DATA BELOW |
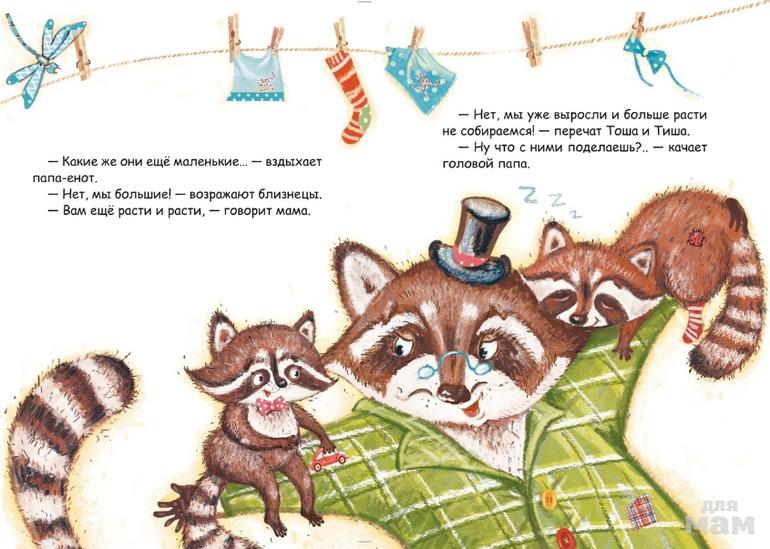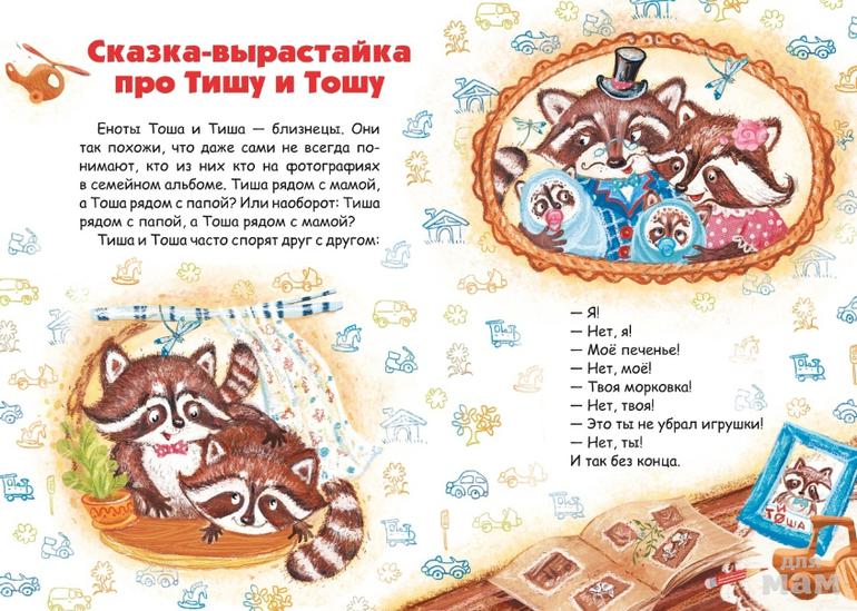 Герои сказки-вырастайки "Про Тишу и Тошу" научат детей сотрудничать и помогать друг другу. Ростомер позволит измерить рост не только в обычных сантиметрах, но и в енотах. Дневник поможет сохранить воспоминания о самых важных событиях в жизни ребёнка. Понаблюдать за изменением его вкусов и желаний с возрастом. И даже разобраться в выборе будущей профессии.
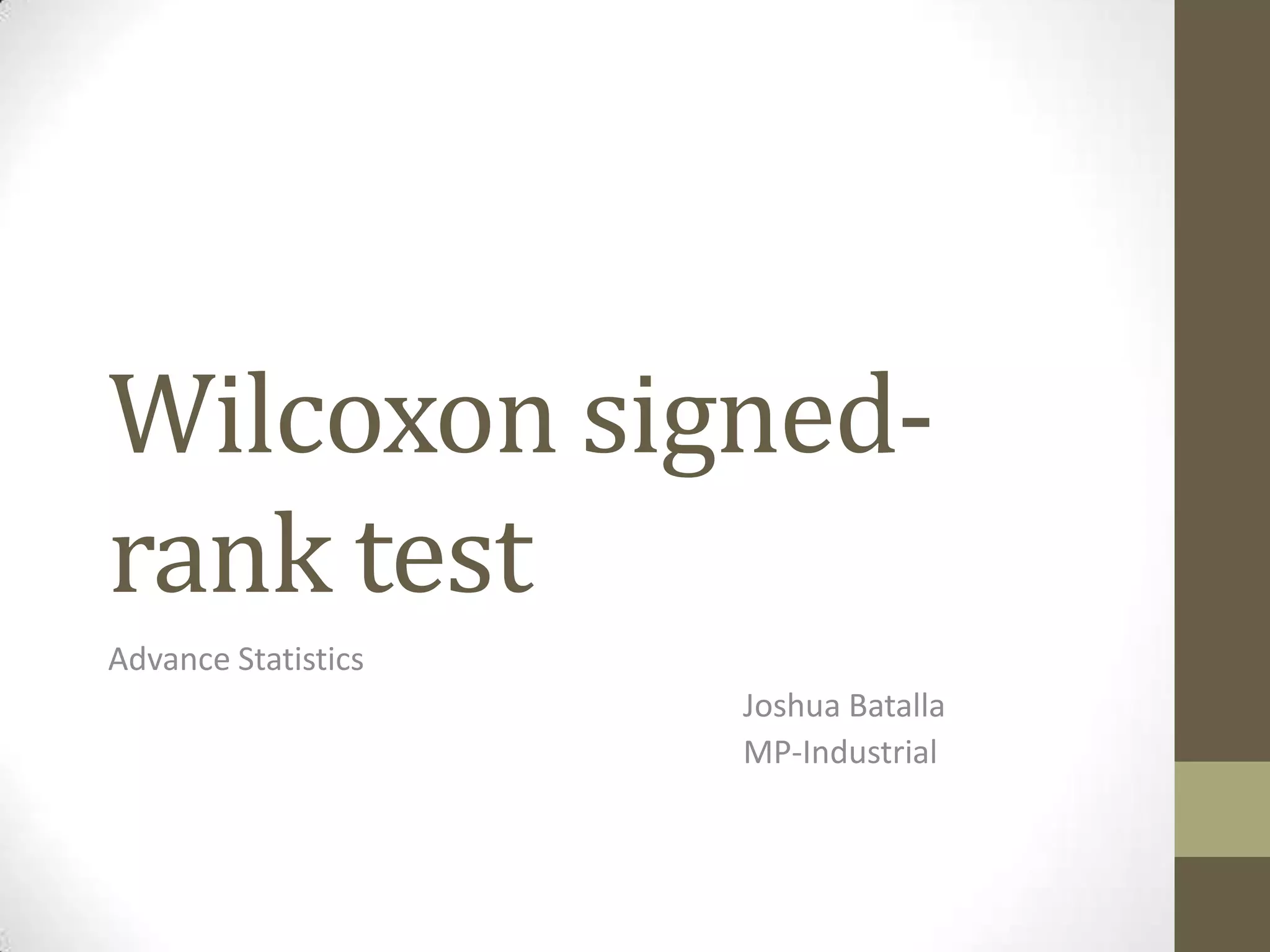 The Wilcoxon signed-rank test is a non-parametric test used to compare two related samples, such as repeated measurements on a single sample, to assess whether their population mean ranks differ. It can be used as a non-parametric alternative to the paired Student's t-test when the population cannot be assumed to be normally distributed. The test involves ranking the differences between pairs of observations and comparing the sum of the ranks of the positive differences to what would be expected if there was no effect. The document provides information on the requirements, formula, and an example application of the Wilcoxon signed-rank test.
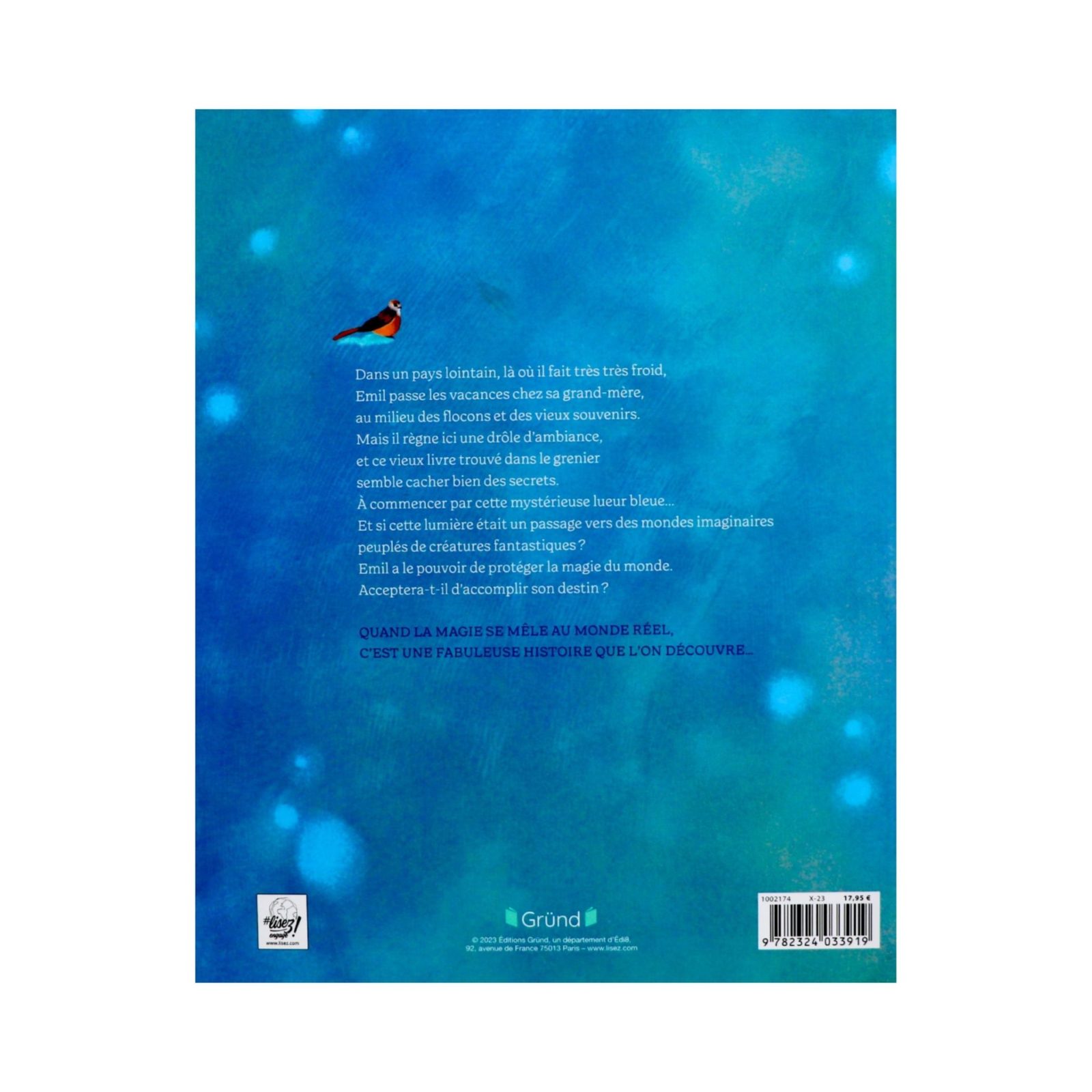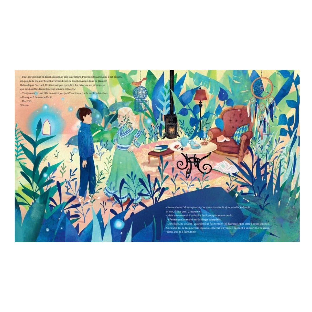 Un jeune garçon nommé Emil passe ses vacances chez sa grand-mère. Pour tromper son ennui, il fouille dans le grenier et trouve un très vieil album photos. Alors que ce dernier lui tombe des mains, des créatures et esprits nordiques s’en échappent et entrainent Emil dans différents mondes magiques. Et si ce voyage était aussi l’occasion de découvrir un incroyable secret de famille ? Un album richement illustré avec des petits livres à l’intérieur pour passer du réel à l’imaginaire.

WORK TASK | Write out the data again word for word, minus any images.

RESPONSE TO THE EXERCISE |
 Герои сказки-вырастайки "Про Тишу и Тошу" научат детей сотрудничать и помогать друг другу. Ростомер позволит измерить рост не только в обычных сантиметрах, но и в енотах. Дневник поможет сохранить воспоминания о самых важных событиях в жизни ребёнка. Понаблюдать за изменением его вкусов и желаний с возрастом. И даже разобраться в выборе будущей профессии.
 The Wilcoxon signed-rank test is a non-parametric test used to compare two related samples, such as repeated measurements on a single sample, to assess whether their population mean ranks differ. It can be used as a non-parametric alternative to the paired Student's t-test when the population cannot be assumed to be normally distributed. The test involves ranking the differences between pairs of observations and comparing the sum of the ranks of the positive differences to what would be expected if there was no effect. The document provides information on the requirements, formula, and an example application of the Wilcoxon signed-rank test.
 Un jeune garçon nommé Emil passe ses vacances chez sa grand-mère. Pour tromper son ennui, il fouille dans le grenier et trouve un très vieil album photos. Alors que ce dernier lui tombe des mains, des créatures et esprits nordiques s’en échappent et entrainent Emil dans différents mondes magiques. Et si ce voyage était aussi l’occasion de découvrir un incroyable secret de famille ? Un album richement illustré avec des petits livres à l’intérieur pour passer du réel à l’imaginaire.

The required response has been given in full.